Material for this exercise —
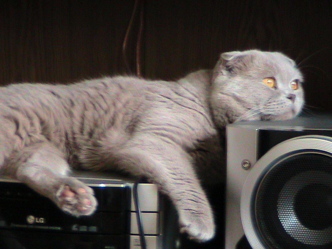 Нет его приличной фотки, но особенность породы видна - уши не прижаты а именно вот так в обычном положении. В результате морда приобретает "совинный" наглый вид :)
==
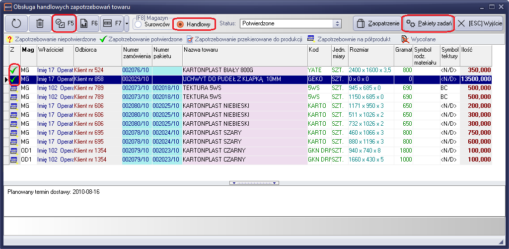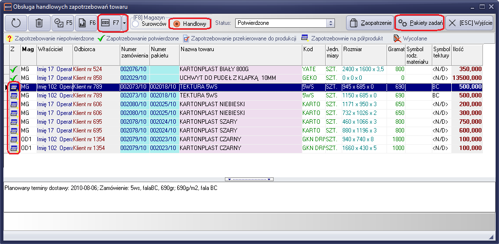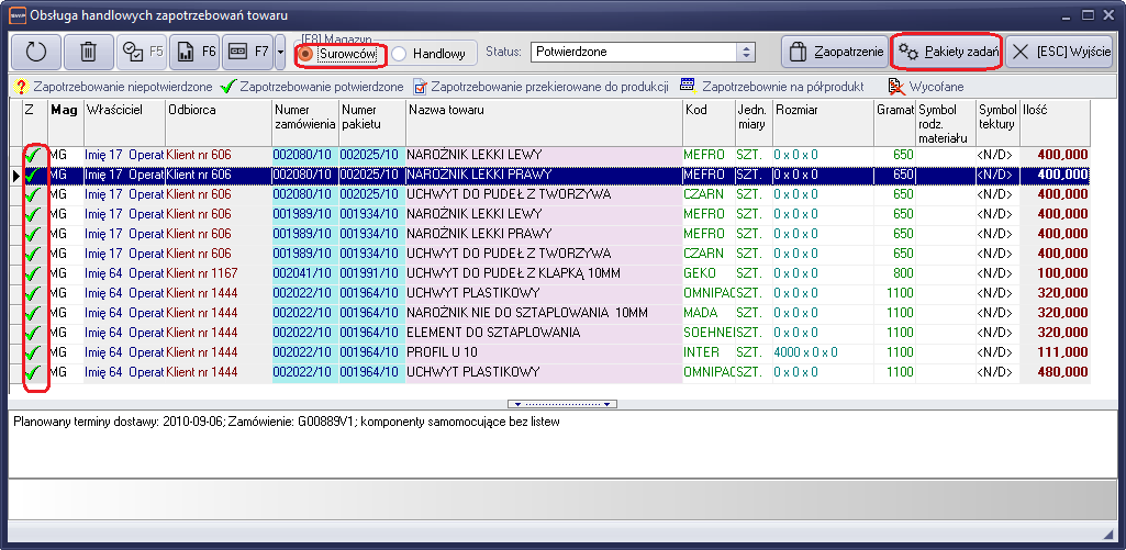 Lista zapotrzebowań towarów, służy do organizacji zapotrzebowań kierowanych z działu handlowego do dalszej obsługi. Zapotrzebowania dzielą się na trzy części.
---
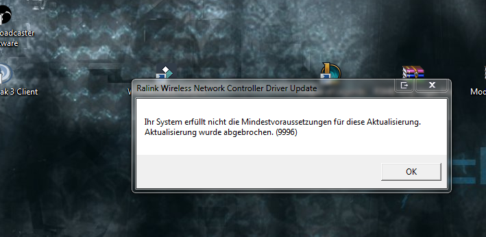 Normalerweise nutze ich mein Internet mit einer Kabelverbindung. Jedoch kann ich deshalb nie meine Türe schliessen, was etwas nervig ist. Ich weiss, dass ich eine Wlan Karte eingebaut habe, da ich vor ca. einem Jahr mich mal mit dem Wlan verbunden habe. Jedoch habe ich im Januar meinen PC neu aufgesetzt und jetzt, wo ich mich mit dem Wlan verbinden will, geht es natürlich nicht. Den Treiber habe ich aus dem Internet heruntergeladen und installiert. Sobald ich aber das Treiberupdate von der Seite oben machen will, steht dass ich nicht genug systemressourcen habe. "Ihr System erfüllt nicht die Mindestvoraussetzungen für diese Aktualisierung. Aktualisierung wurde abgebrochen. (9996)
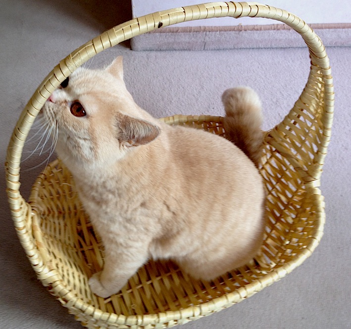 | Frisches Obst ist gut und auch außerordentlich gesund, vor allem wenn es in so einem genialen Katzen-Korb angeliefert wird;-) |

Work request — Look above for the line with "Normalerweise nutze ich" and the line with "angeliefert wird;-) |". Copy them and every line between, exactly, but no pictures.

Task response —
 Normalerweise nutze ich mein Internet mit einer Kabelverbindung. Jedoch kann ich deshalb nie meine Türe schliessen, was etwas nervig ist. Ich weiss, dass ich eine Wlan Karte eingebaut habe, da ich vor ca. einem Jahr mich mal mit dem Wlan verbunden habe. Jedoch habe ich im Januar meinen PC neu aufgesetzt und jetzt, wo ich mich mit dem Wlan verbinden will, geht es natürlich nicht. Den Treiber habe ich aus dem Internet heruntergeladen und installiert. Sobald ich aber das Treiberupdate von der Seite oben machen will, steht dass ich nicht genug systemressourcen habe. "Ihr System erfüllt nicht die Mindestvoraussetzungen für diese Aktualisierung. Aktualisierung wurde abgebrochen. (9996)
 | Frisches Obst ist gut und auch außerordentlich gesund, vor allem wenn es in so einem genialen Katzen-Korb angeliefert wird;-) |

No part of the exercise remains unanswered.